Весь птичий мир мил сердцу моему,
Но коль слагать из них кому-то оду,
Я без сомненья сторону приму
Лихого воробьиного народа.
Владимир Свиньин, физик, новосибирский ленинградец с Кадетской линии В. О.
Фото Скотта Гельбаха. Тель-Авив, 2021 год
Мы жили на Желябке
Нашему управдому Виктору Карловичу Вайхту
Мы жили на Желябке, угол Невского, напротив аптеки. В наш дом попала бомба и убила дворничиху Поленову, мамину сменщицу. Кусок этой бомбы (снаряда) застрял в стене нашего подвала под черной лестницей. Сначала мы, дети, его боялись, а потом – привыкли.
В том подвале все мы, жильцы с нашей черной лестницы, держали дрова, берегли каждое поленце, аккуратно укладывали один в один, крест-накрест для просушки в такие, в полметра высотой, типа этажерки так называемые «костры».
И по надобности спускались туда, в жуть, прямо вниз под лестницу, в глубь кромешную, на вечно сырой простуженный земляной пол за дровами со свечкой, фонариком или с керосиновой лампой, ибо там всегда было темно страшно в любое время года. Найдите человека моего возраста, отрока, мне подобного, кто бы в те годы не боялся подвалов и чердаков!

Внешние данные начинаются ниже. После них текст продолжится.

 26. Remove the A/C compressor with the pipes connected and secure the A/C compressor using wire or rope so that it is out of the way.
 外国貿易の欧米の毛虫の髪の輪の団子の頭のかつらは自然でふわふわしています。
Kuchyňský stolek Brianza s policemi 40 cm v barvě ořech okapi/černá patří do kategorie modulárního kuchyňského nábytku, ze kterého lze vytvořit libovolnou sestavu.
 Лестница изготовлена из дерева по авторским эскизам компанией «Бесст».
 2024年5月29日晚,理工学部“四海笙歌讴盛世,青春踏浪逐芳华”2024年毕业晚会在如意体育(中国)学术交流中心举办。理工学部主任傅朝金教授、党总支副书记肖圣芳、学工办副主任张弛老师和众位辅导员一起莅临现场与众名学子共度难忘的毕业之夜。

…Даже когда инженер Покорский (это тот Покорский, инженер-телевизионщик, одинокий из 19-й квартиры (наша 17-я ниже этажом), который, когда мы с братом Толькой подросли, брал нас с собою каждую субботу в мужскую баню на Гороховой и хлестал нещадно в парилке вениками, которые мы с гордостью несли через весь проходной двор на Мойку) провел туда свет (чтобы он горел, надо было тащиться к ним в коммуналку и просить кто был на кухне – включить, и так далее, тоже примета…). Но и с лампочкой под сырым потолком от этого света светлее на душе не становилось, да еще тени от стен и от нас не веселили, хотелось скорей наружу…

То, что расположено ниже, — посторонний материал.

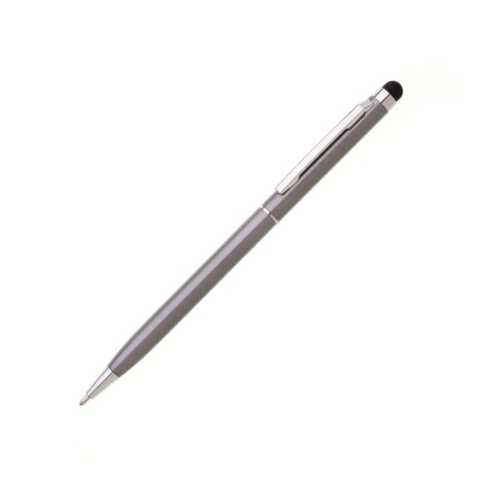 Tenké kovové guľôčkové pero s otočným mechanizmom a hrotom pre ovládanie dotykovej obrazovky. Strieborné chrómové doplnky, modrá náplň cross. Materiál hliník.

И торчал он там, снаряд этот, таким корявым зубчатым сталистым гребешком и выхолощенным истертым конусом, скобой в стене под лестницей как восклицательный знак – всё мое детство и юность. Вот кому как, а мне он был в самый раз, потому что служил подмогой на все сто, когда я, вылезая обратно из темноты на свет с вязанкой дров – или на закорках или на локте под самым подбородком (сколько унесешь), а тут ухватишься за эту корявую скобу свободной рукой, как за сучок, передохнешь и пошел дальше, без потерь…
Да-да, не смейтесь, за бомбу – как за соломинку, легко сказать, не то вот-вот упадешь с ценной поклажей, опять двадцать пять, расстроишься, чуть не заплачешь, да еще нос расквасишь, а кому хочется показать свою слабость – да никому… А тут в помощь – немецкий снаряд.

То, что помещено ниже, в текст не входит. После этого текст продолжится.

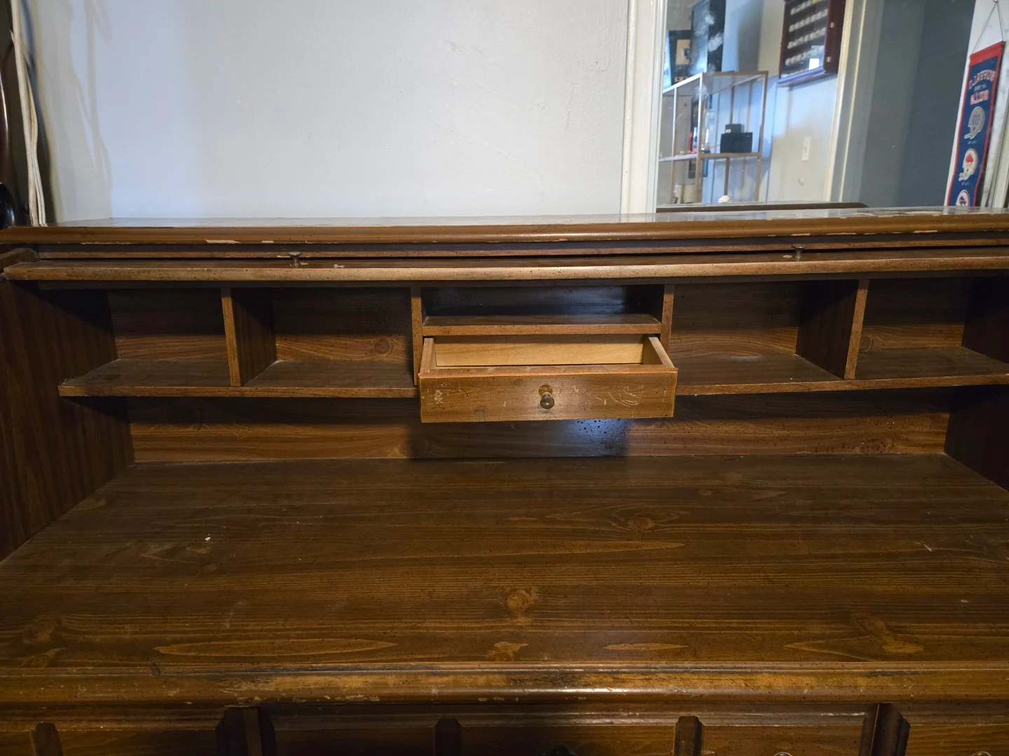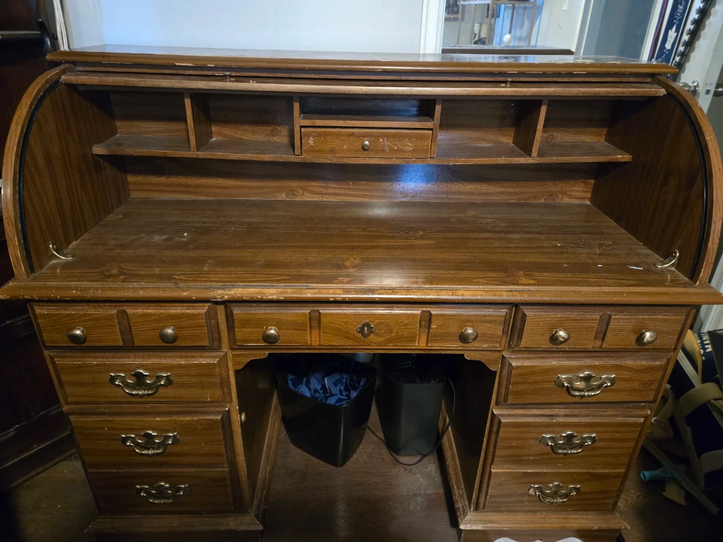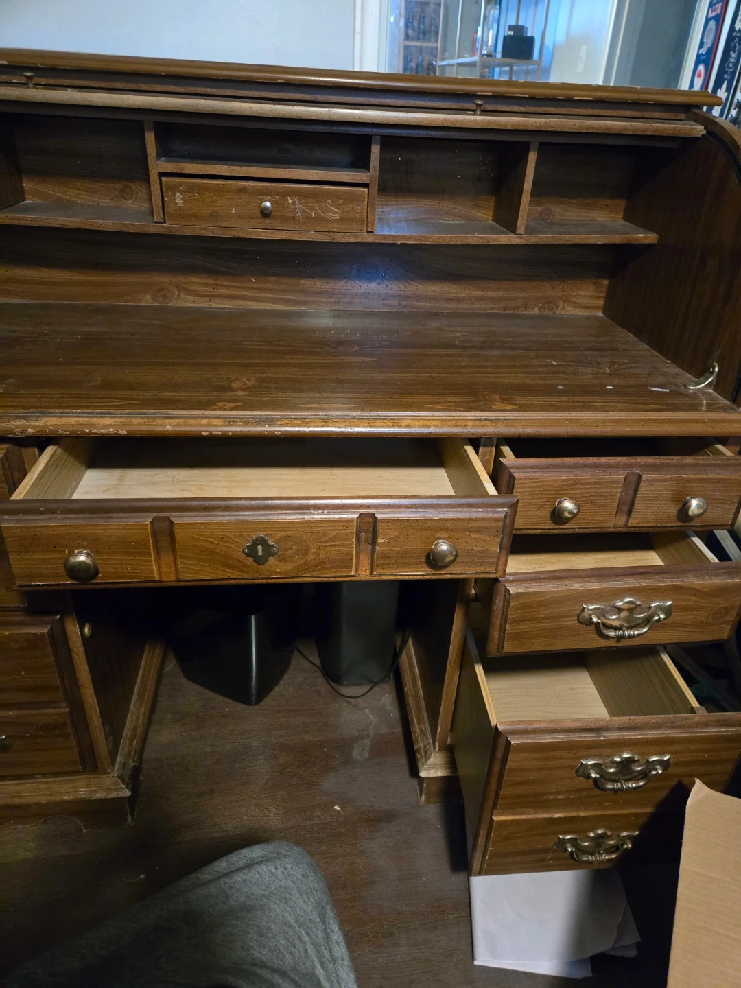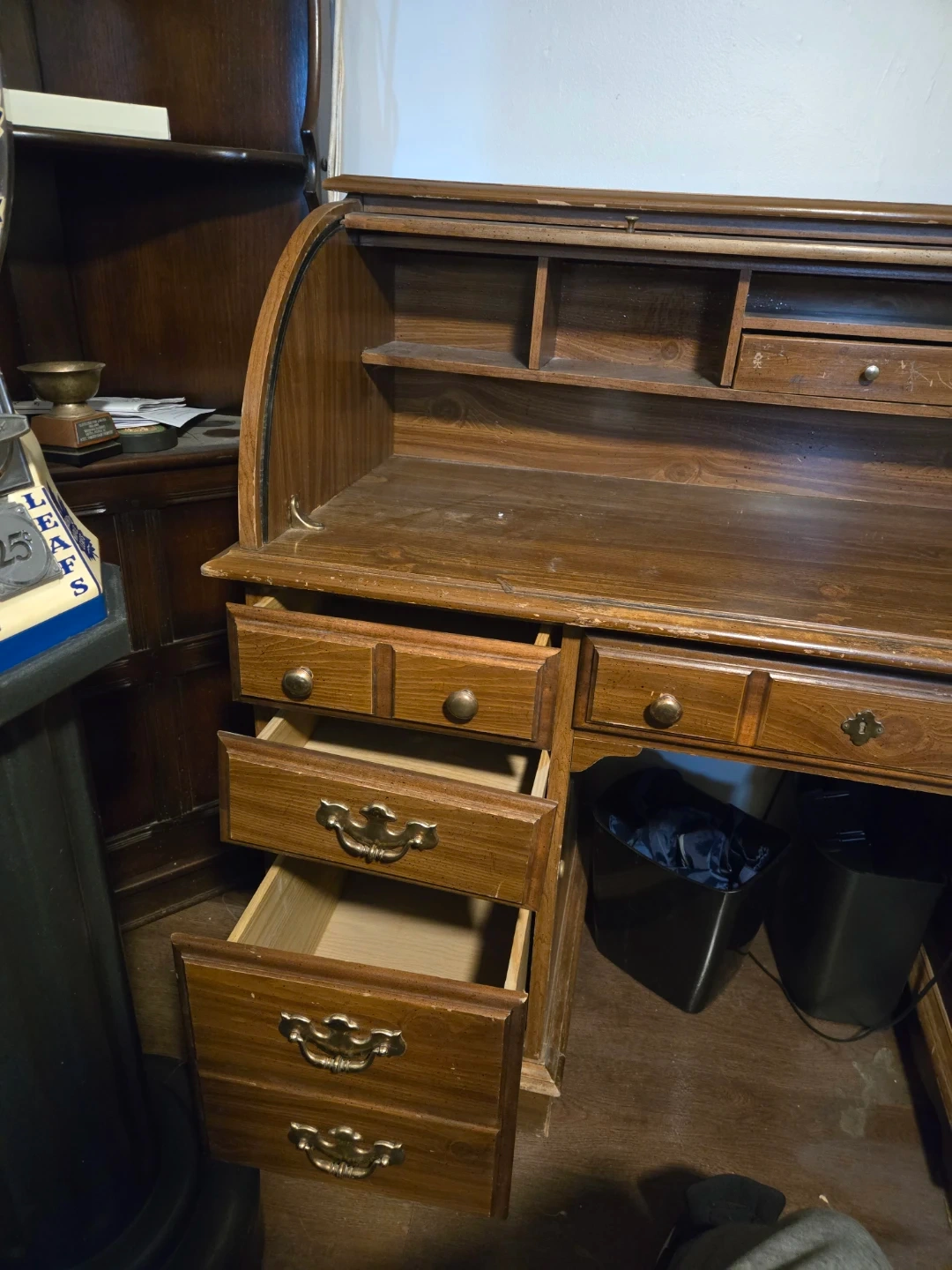 Selling a vintage roll top desk. It's a beautiful piece of furniture with lots of character. It has a number of drawers and shelves for storage. Bought from a movie set company, believed to have been used for the the private I. Pick up only. Lawrence and kennedy.

Большая Конюшенная улица (в советское время ул. Желябова). Фото 1900-х годов
Вот они, те самые «странные сближенья», так подчас мучившие Пушкина! Особенно когда солнышко заглядывало и туда, под лестницу, вражий кусок цилиндрической стали блестел, пускал зайчики куда попало. Мама, уходя на работу, кричала мне, свесившемуся из окна нашей кухни, на прощание: «Женька, Пушкин, смотри – весна пришла…»
* * *
«Пушкин!!! Пушкин!!! Вернись сейчас же домой, надень пальто, вспотеешь, простудишься и умрешь, – кричит моя Мама на весь двор, высунувшись из фортки кухонного окна нашей коммуналки на Желябке. – Где мой сын? Я его не вижу! Люди, Сява, Сява, что ты околачиваешься без толку, просто так, брось книгу и лучше найди Пушкина и скажи, что его Мама зовет его домой, голос потеряла совсем…» Сява, долговязый, губастый как африканец, Сявка Абрамов, усыновленный сын своей бездетной тетки Брони, сидит на ящике, вижу его – как сейчас вас, закутанным по шею, с книжкой, вот он что-то бубнит, слышит мою Маму, но с места не двигается и, просто задрав голову к небесам абы куда, заревел во всё горло, сложив губы свои в трубочку иерихонскую, на весь проходной двор: «Пушкин… Пушкин! Тебя Мама зовет…» – и так раза три… «Зачем?» – кричу, наконец, я в ответ на Сявкин рев с крыши старого гаража или конюшни, где мы с Фиркой Лю и Ромкой Рэ строим хижину Дяди Тома. «Куушшшаать, – был ответ, – куушшшаать».
Про Эсфирь Лютину будет отдельный рассказ, хоть можно даже оду, а вот про «Хижину…» – только здесь и сразу.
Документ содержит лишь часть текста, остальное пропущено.